Вторым центром тяжести 5-го тома «Мнемозины» становится Станиславский и Московский Художественный. Три соревнующихся в своей яркости материала открывают, в общем-то, малоизвестные повороты в истории театра: письма Айседоры Дункан к Станиславскому (1908 — 1922), письма «качаловской группы» в годы изгнания с 1919 по 1922, и, наконец, письма пополам с трагическими дневниковыми записями режиссера Василия Сахновского (1926 — 1945; публикация Владислава Иванова).

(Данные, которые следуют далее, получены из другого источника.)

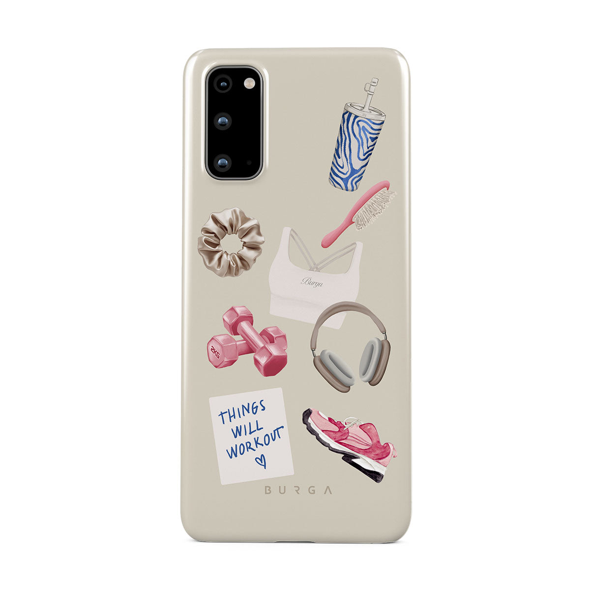 Dieses Design enthält: Hanteln, Kopfhörer, Trinkflasche, Haarbürste, pinke Sneaker, Sport-BH, Crunchie-Riegel, „Things Will Work Out“-Haftnotiz.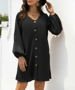 Best deal โค๏ธ Romantichut Black Bishop-Sleeve Button-Front Shift ๐ Dress – ๐ฉ Women ๐คฉ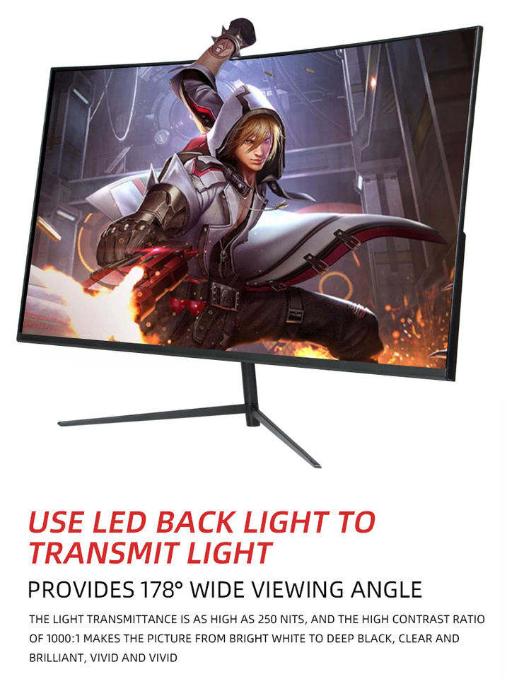 Ventes directes d'usine 24 pouces sans cadre Curvo 16:9 bureau 2800R écran incurvé 144Hz LED 2800R moniteurs de jeu à écran incurvé

Дункан — самый личный и самый женский из перечисленных сюжетов. Озаглавленный цитатой — «Все то, что я хочу вам сказать, я лучше всего бы выразила в танце…» — он фиксирует лишь несколько точек пересечений танцовщицы и русского реформатора театра, но обнажает при этом всю скрытую чувственность и неравноправность их взаимоотношений. Кардиограмма движется от увлечения целомудренным КС босоногой «дионисийкой» до брошенного им же в 1920-е «авантюристка».

1908: «Уильям Блейк —
„Песнь невинности“
„Песнь опытности“
„Книга Иова“

Это был не отказ… Это было приглашение!…
Но Вы не понимаете —
Я в отчаянии… я ни за что больше не протанцую ни па».

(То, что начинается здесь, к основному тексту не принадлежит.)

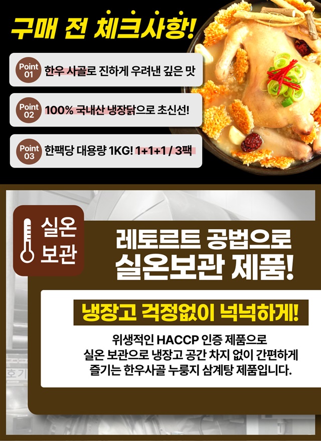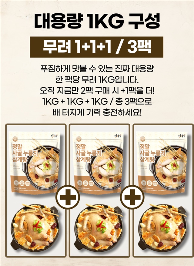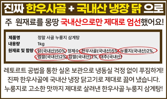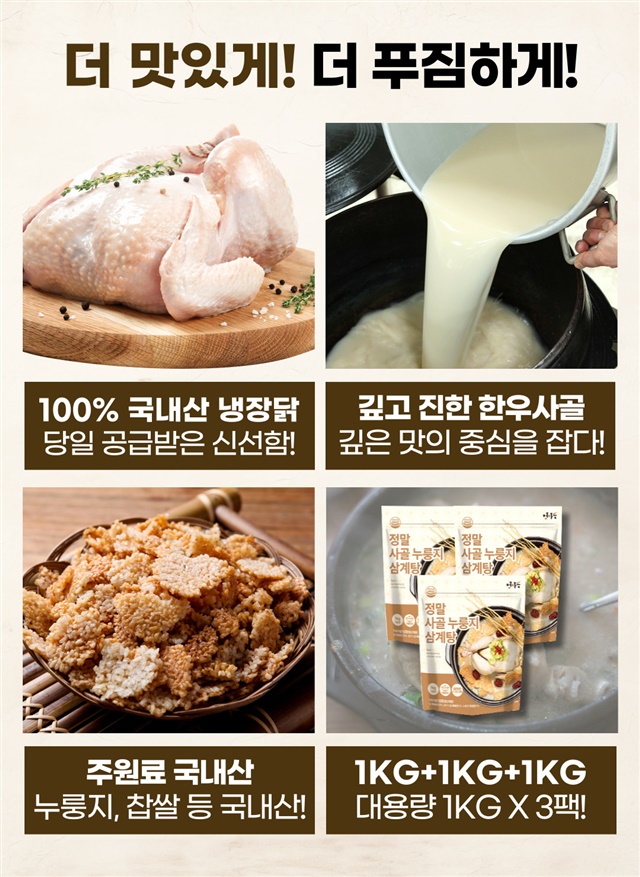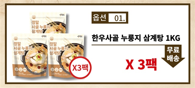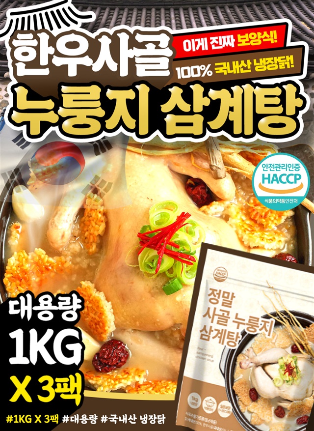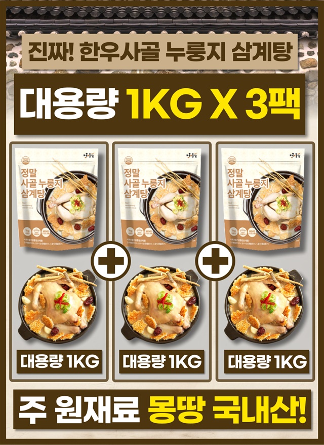 [국내산닭] 한우사골 국내산 누룽지 보양 삼계탕 1kg X 3팩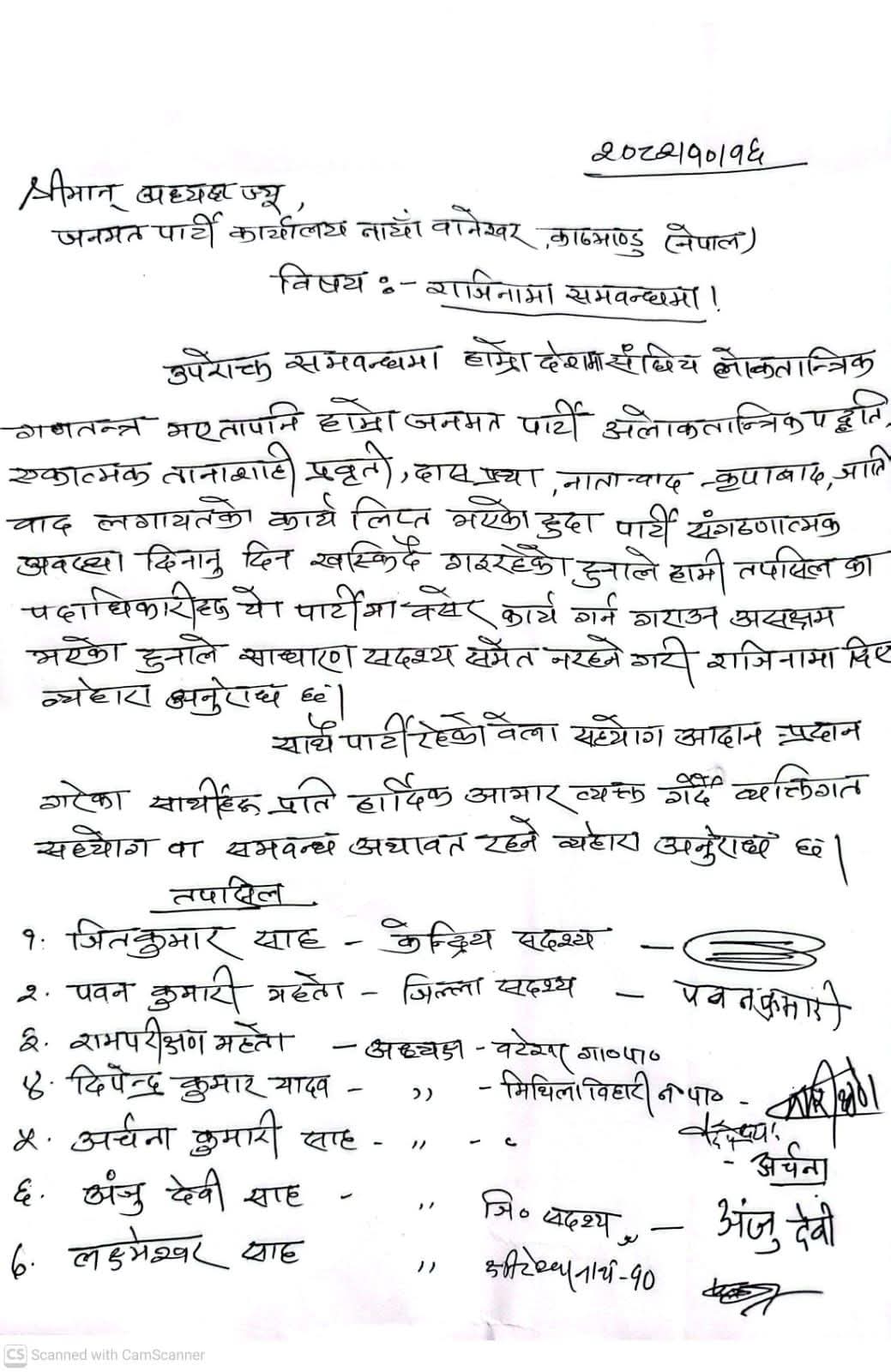 पछिल्लो पटक पार्टीका केन्द्रीय सदस्य जितकुमार साहसहित सात जना नेताले एकैसाथ राजीनामा दिएपछि पार्टीभित्रको असन्तोष थप औपचारिक रूपमा सतहमा आएको छ। राजीनामा दिनेहरूमा धनुषा जिल्ला सदस्य पवनकुमारी महतो, बटेश्वर गाउँपालिका अध्यक्ष रामपरीक्षण महतो, मिथिला बिहारी नगरपालिका अध्यक्ष दिपेन्द्र कुमार यादव, अञ्जु देवी साहलगायत प्रभावशाली नामहरू समावेश छन्।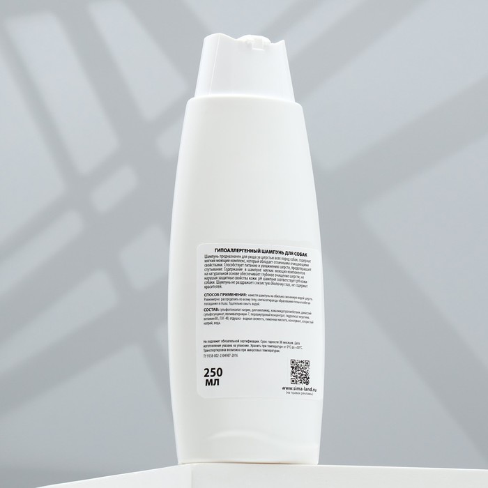 Способствует питанию и увлажнению шерсти, предотвращает спутывание. Содержание в шампуне мягких моющих компонентов на натуральной основе обеспечивает глубокое очищение шерсти, не нарушая защитные свойства кожи. рН шампуня соответствует рН кожи собаки.

Трагическим фоном служит судьба артистки, внятно описанная во вступлении к ее коротеньким письмам-телеграммам. И вычесть это знание невозможно.

1910:
«Моя новая программа лежит тут же в колыбели — это маленький мальчик, такой красивый, такой чудесный!
Он родился 1 мая. Я так счастлива. Подумайте только — мальчик! Он будет, может быть, кем-то»

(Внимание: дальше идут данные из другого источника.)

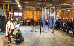 På programmet sto også en «motemolo», der Vårhild Bakke Berntsen viste fram klær inspirert av skogfinsk kultur. I bakgrunnen sees kunstverket Vastavirthaan // Motstrøms, laget av M. Seppola Simensen, Elisabeth Seppola Simensen og Maiya Syrstad Jerijervi. (Foto: Privat/Rune Jørgensen)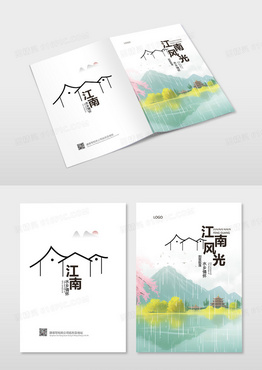 大气手绘水墨水彩江南水乡中国风画册封面设计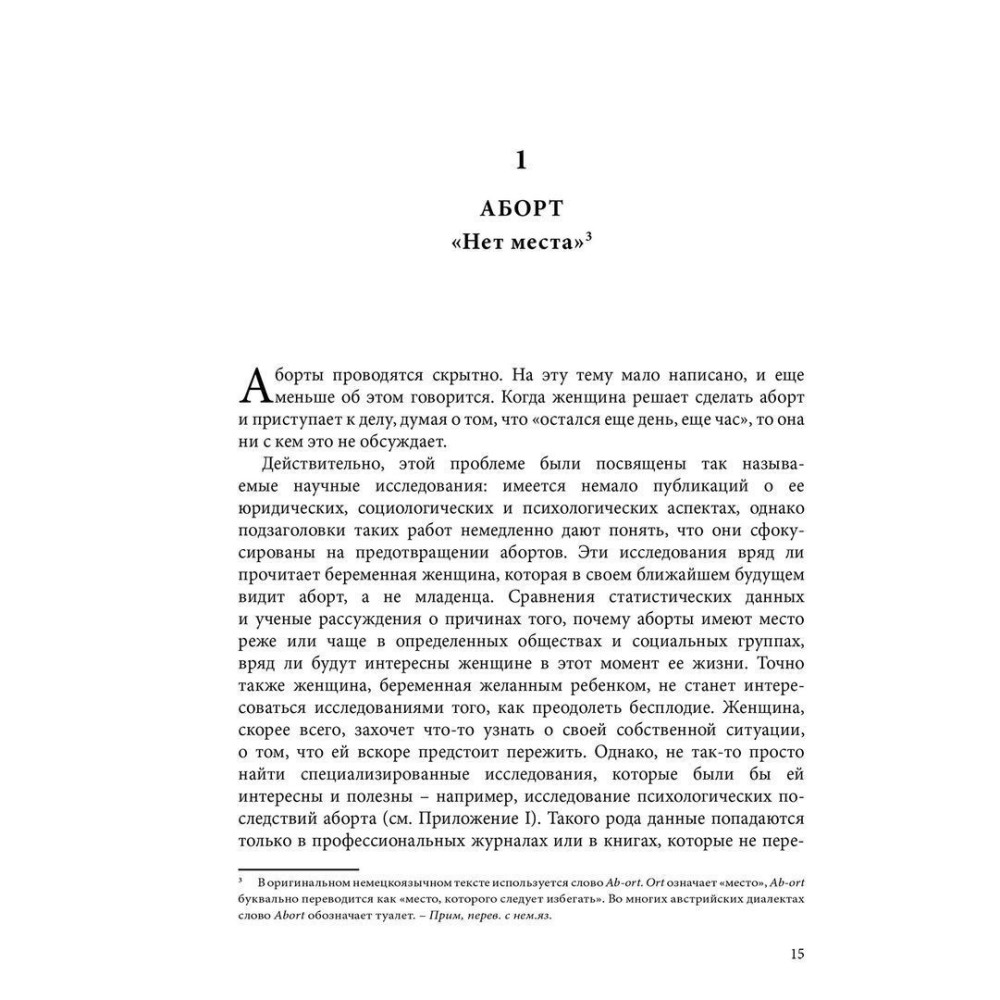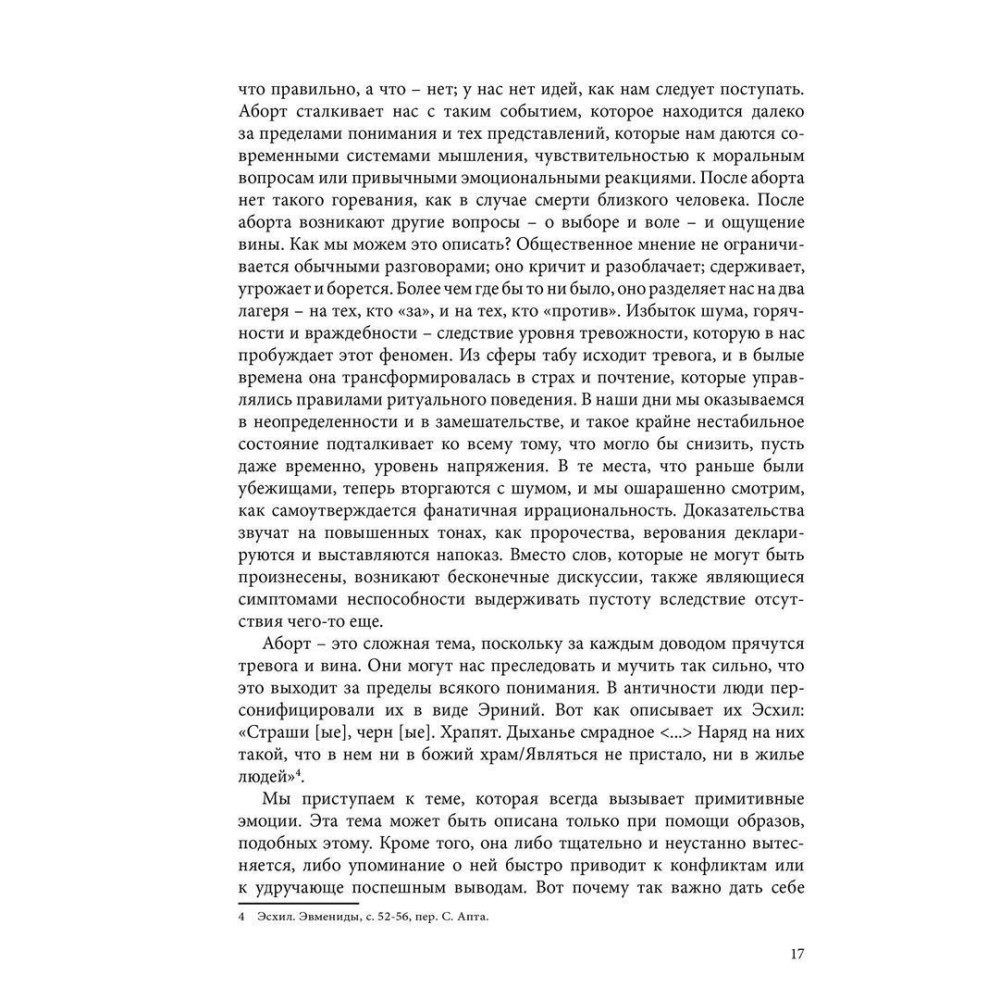 Визнаючи болючість теми, якої торкається авторка, вона вважає, що рішення зробити аборт може бути вмотивоване глибинними й архаїчними уявленнями жінки, тому його не варто розглядати з погляду «освіченого» раціоналізму.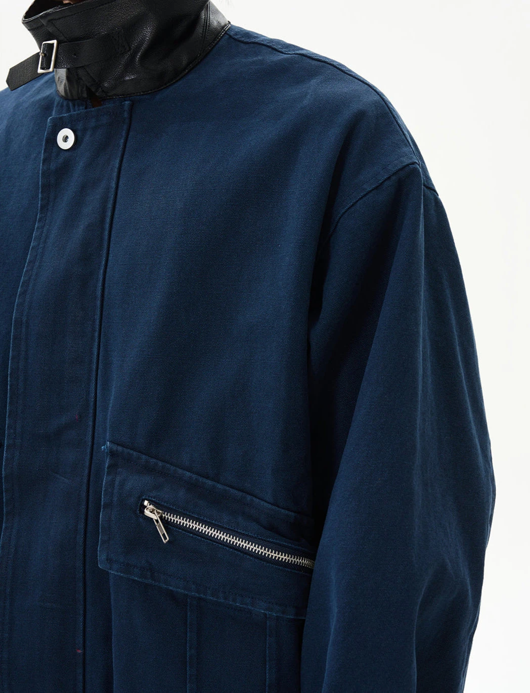 Effortlessly redefine your wardrobe with this Oversized Worker Jacket, featuring a modern oversized fit and a striking contrast faux leather collar. Designed for those who embrace edgy yet approachable fashion, this piece blends functional outerwear design with a touch of bold refinement.

В 1917 оба ребенка Дункан погибли в автокатастрофе.

Кровоточит и вращается невероятными поворотами материал о скитаниях так называемой «качаловской группы» МХАТ, выехавшей на гастроли в Харьков, а дальше — на юг, в Крым, Грузию, и оттуда за границу, — в конце сезона 1918/1919, чтобы только в небольшой своей части (семь-восемь человек во главе с Ольгой Книппер-Чеховой и Василией Качаловым) вернуться в Москву аж в 1922. «Три года недобровольного изгнания» называется подборка писем артистов Качалова, Книппер-Чеховой, Николая Подгорного (единственного, кто вернулся к началу сезона в Москву, и кто стал в итоге главным контактным лицом в изматывающих переговорах Художественного театра и «качаловцев»), Ивана Берсенева и Николая Массалитинова, ставших заложниками истории. Захват Харькова, первой точки на карте скитаний группы по белу свету, деникинцами, и переход сына Качалова — Вадима Шверубовича — на сторону «белых», сделал возвращение в Москву, мягко говоря, проблематичным. Но дальше на эту ось, как ракушки на днище корабля, стали садиться множество побочных обстоятельств и мотивов: в Москве голодно, страшно, холодно, нет гарантий безопасности. Без Москвы и конкретно без МХАТ — мучительно, при том, что руководство театра неважно относилось к гастролям и даже, как замечает подготовившая публикацию к печати Мария Львова, не внесло их в позднейшие списки. Драматизм ситуации запределен. Сама возможность эмиграции ужасает Книппер-Чехову: «Я как вошла на пароход (итальянская „Прага“ — прим.), так и поплакала — очень уж тяжела мысль о нашей родине, противен вид светских, прекрасно одетых иностранцев». (1920, Новороссийск). Жуткий гастрольный быт, с сыпным тифом и голодом, на фоне гражданской войны и беспредела уравнивается такой же трудной московской жизнью: «Зиму мы не мерзли, а ели все ту же капусту, картошку и пшенную кашу; похудели очень, но здоровы и желудки в порядке». (М.П. Лилина — Качалову. 1920).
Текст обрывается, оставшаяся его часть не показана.